Your objective - From the entries below, copy exactly the lines from the one that contains "rough surface. |" through the one that contains "Stir-Fried Yellow, Flat", both included, and only those.

Data for this task -
Start of Block

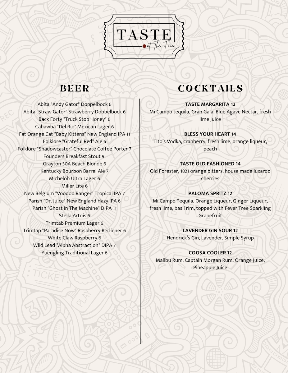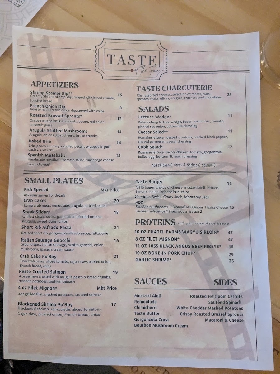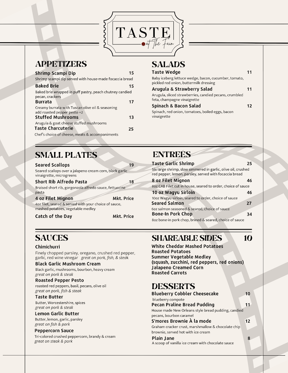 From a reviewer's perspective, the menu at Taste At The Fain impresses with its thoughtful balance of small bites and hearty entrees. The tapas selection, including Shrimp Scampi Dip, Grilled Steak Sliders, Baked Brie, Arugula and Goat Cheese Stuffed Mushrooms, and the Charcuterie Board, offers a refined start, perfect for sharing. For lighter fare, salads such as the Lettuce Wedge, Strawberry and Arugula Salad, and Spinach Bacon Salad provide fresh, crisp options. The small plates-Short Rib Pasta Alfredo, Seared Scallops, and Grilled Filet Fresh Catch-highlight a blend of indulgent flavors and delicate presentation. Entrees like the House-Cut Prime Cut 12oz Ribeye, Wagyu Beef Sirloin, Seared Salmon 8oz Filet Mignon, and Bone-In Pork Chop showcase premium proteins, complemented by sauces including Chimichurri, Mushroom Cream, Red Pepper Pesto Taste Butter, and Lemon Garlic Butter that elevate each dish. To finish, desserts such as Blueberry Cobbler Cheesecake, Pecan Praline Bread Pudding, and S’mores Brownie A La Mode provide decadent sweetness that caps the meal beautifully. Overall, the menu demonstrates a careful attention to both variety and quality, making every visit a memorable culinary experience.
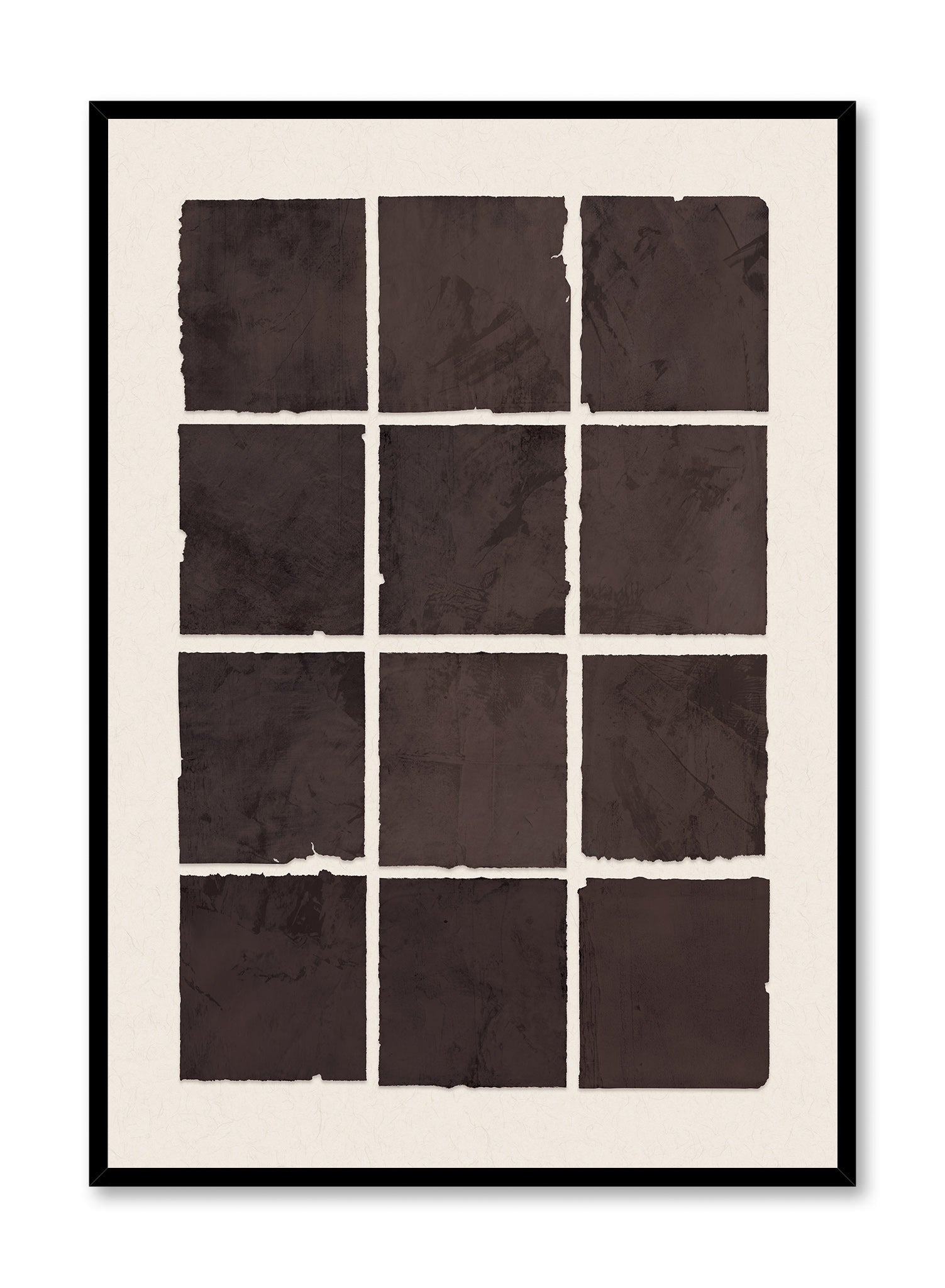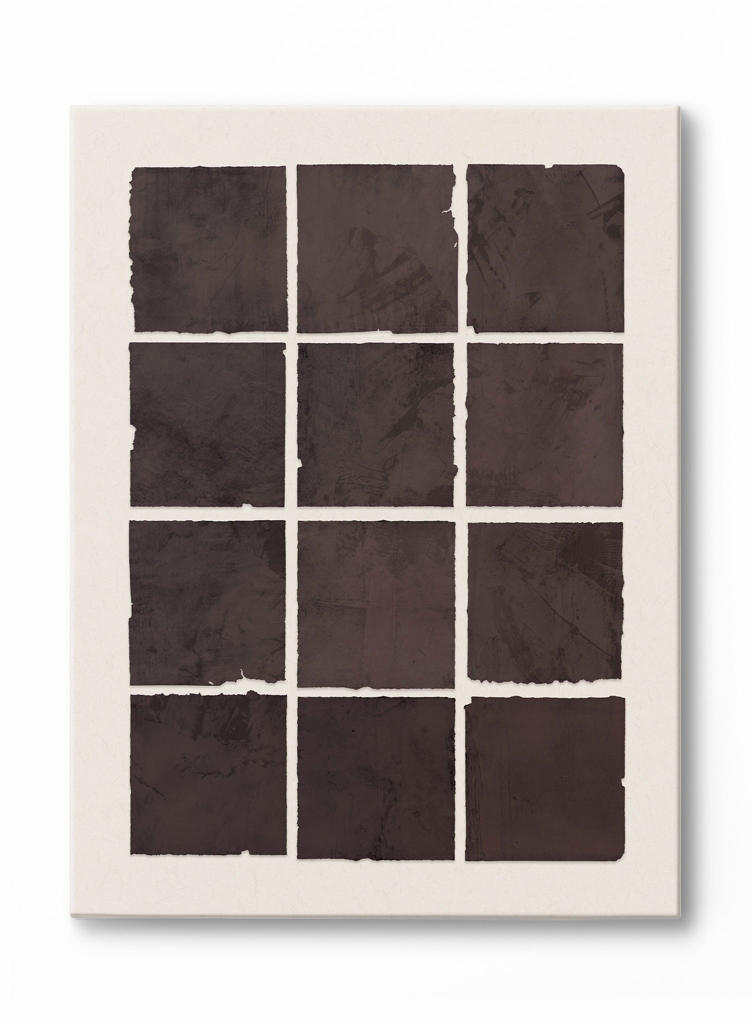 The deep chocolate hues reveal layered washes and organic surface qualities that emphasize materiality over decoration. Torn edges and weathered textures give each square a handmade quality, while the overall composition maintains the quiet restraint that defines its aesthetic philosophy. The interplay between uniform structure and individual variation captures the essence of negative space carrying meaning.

End of Block
Start of Block

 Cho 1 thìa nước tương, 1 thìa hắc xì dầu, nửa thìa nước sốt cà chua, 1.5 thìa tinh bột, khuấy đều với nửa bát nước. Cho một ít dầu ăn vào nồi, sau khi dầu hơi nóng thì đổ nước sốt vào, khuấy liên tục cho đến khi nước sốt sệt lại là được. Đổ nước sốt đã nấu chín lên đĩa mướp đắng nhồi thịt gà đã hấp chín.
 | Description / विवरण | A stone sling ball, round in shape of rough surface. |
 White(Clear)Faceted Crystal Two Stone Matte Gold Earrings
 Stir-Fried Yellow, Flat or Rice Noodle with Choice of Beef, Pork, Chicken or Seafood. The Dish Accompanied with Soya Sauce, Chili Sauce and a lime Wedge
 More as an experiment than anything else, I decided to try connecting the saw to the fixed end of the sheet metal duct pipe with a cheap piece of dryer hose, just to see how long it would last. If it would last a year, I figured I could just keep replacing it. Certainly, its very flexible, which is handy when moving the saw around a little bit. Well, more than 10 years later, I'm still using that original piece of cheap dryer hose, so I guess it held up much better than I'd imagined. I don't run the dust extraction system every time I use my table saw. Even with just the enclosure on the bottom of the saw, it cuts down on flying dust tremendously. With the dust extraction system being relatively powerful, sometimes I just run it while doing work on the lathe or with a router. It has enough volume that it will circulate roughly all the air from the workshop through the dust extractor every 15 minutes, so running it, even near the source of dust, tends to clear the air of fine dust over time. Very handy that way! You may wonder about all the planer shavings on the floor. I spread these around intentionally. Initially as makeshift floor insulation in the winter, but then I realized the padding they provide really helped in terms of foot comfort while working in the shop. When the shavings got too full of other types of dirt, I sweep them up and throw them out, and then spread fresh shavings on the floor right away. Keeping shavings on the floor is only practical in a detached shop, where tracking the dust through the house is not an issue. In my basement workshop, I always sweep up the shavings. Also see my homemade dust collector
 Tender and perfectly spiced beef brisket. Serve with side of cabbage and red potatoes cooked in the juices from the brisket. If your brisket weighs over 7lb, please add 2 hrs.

End of Block
Start of Block

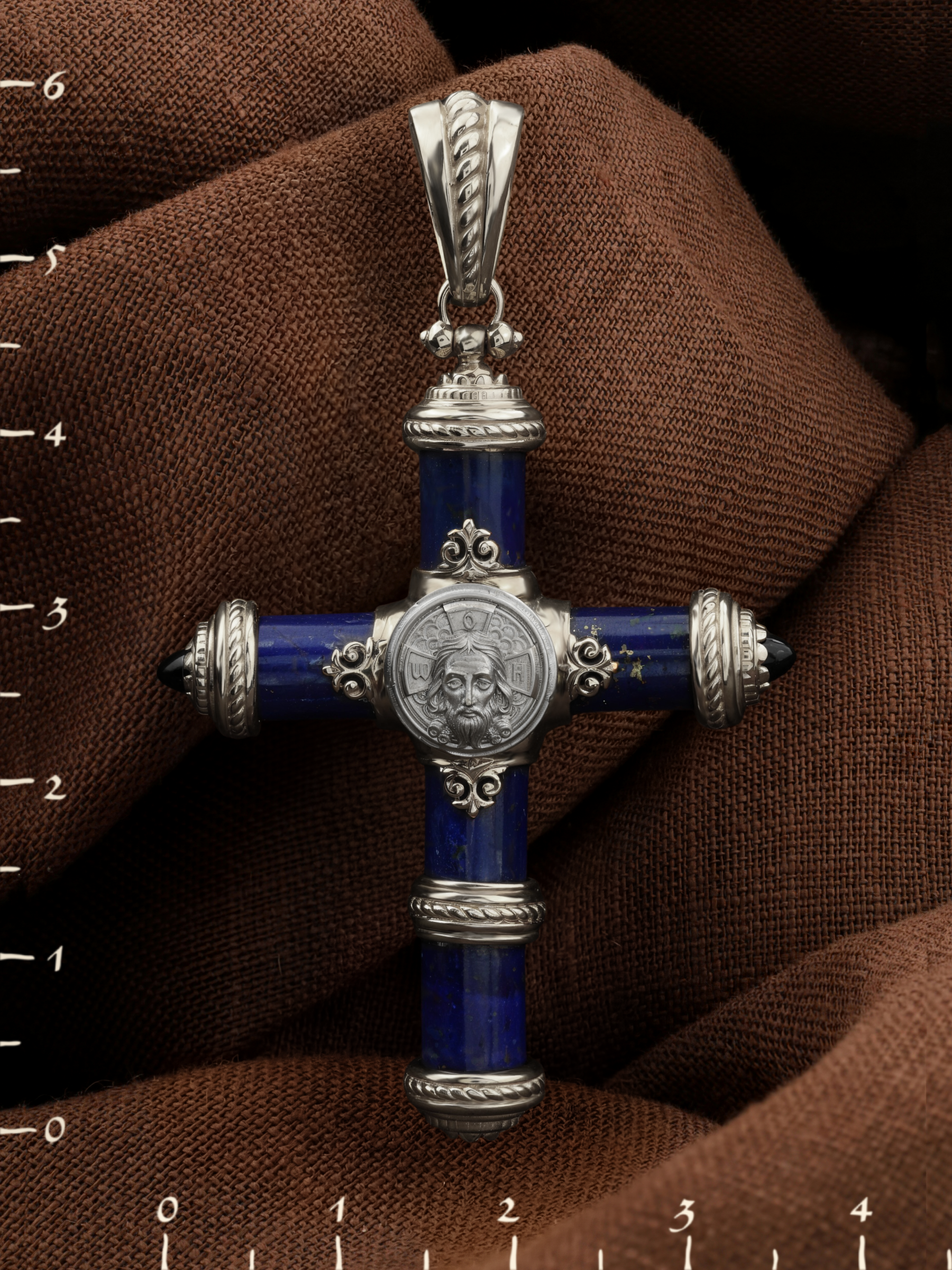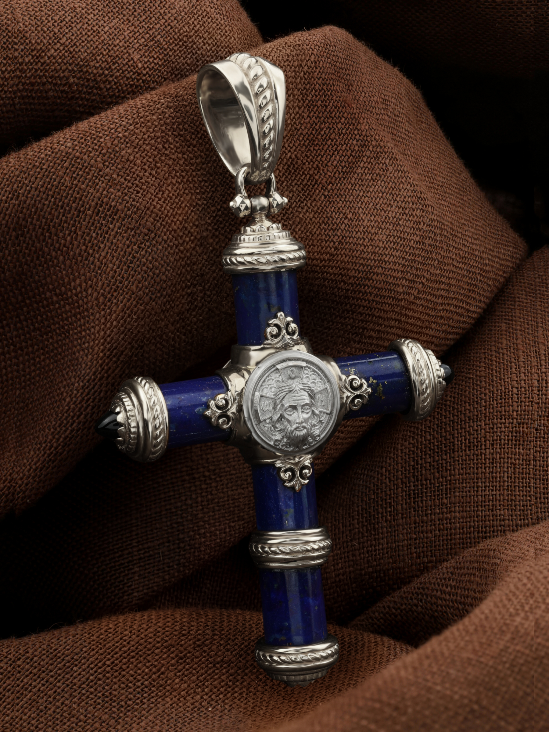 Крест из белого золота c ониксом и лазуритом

End of Block

Solution -
 | Description / विवरण | A stone sling ball, round in shape of rough surface. |
 White(Clear)Faceted Crystal Two Stone Matte Gold Earrings
 Stir-Fried Yellow, Flat or Rice Noodle with Choice of Beef, Pork, Chicken or Seafood. The Dish Accompanied with Soya Sauce, Chili Sauce and a lime Wedge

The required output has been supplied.